Seperti yang dikemukakan di atas bahwa menafsirkan Al-Qur’an berarti menerangkan ayat-ayatnya. Seorang mufassir baru dapat memberikan uraian dan keterangan sesuai dengan maksud ayat tersebut secara tepat dan dapat dipertanggung jawabkan kebenarannya, apabila ia sebelumnya menguasai ulumul Qur’an tersebut. Dengan kata lain, setelah ia memahami dan menguasai ulumul Qur’an, baru ia akan mampu memberikan tafsir atau takwil terhadap sesuatu atau beberapa ayat-ayat Al-Qur’an. Dengan ulumul Qur’an seseorang baru bisa membuka dan menyelami apa yang terkandung di dalam Al-Qur’an.

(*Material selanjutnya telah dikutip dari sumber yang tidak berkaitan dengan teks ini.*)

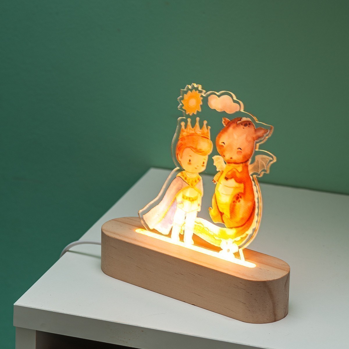 Ξύλινη βάση με Led φωτισμό και καδράκι από διάφανο plexiglass. Η παράσταση απεικονίζει τον πρίγκιππα παρέα με τον δράκο του παραμυθιού.

Dengan demikian, maka ulumul Qur’an berfungsi sebagai kunci pembuka terhadap penafsiran Al-Qur’an sesuai dengan maksud apa yang terkandung di dalamnya. Sedangkan kedudukannya sebagai ilmu yang pokok, yang merupakan alat yang diperlukan bagi setiap mufassir.
Apabila dilihat dari segi lain, maka ulumul Qur’an juga dapat merupakan ukuran atau standar bagi tafsir Al-Qur’an. Artinya, semakin tinggi dan mendalam ulumul Qur’an dikuasai oleh seorang mufassir, maka tafsir yang diberikannya juga akan semakin mendekati kebenarannya. Oleh karena itu, maka selain berfungsi sebagai kunci pembuka, ulumul Qur’an juga dapat berfungsi sebagai standard terhadap tafsir Al-Qur’an yang dibuatnya. Fungsi sebagai standar, yaitu dengan ulumul Qur’an akan dapat dibedakan antara tafsir yang shahih dan yang tidak shahih.
Referensi :
- Sejarah dan Pengantar Ilmu Al-Qur’an/ Tafsir, Prof. Dr. T. M. Hasbi Ash-Shiddieqy, Jakarta : Penerbit Bulan Bintang, 1980.
- Ulumul Qur’an (Edisi Revisi), Drs. H. Ramli Abdul Wahid, MA. Jakarta : PT. Raja Grafindo Persada, 2002.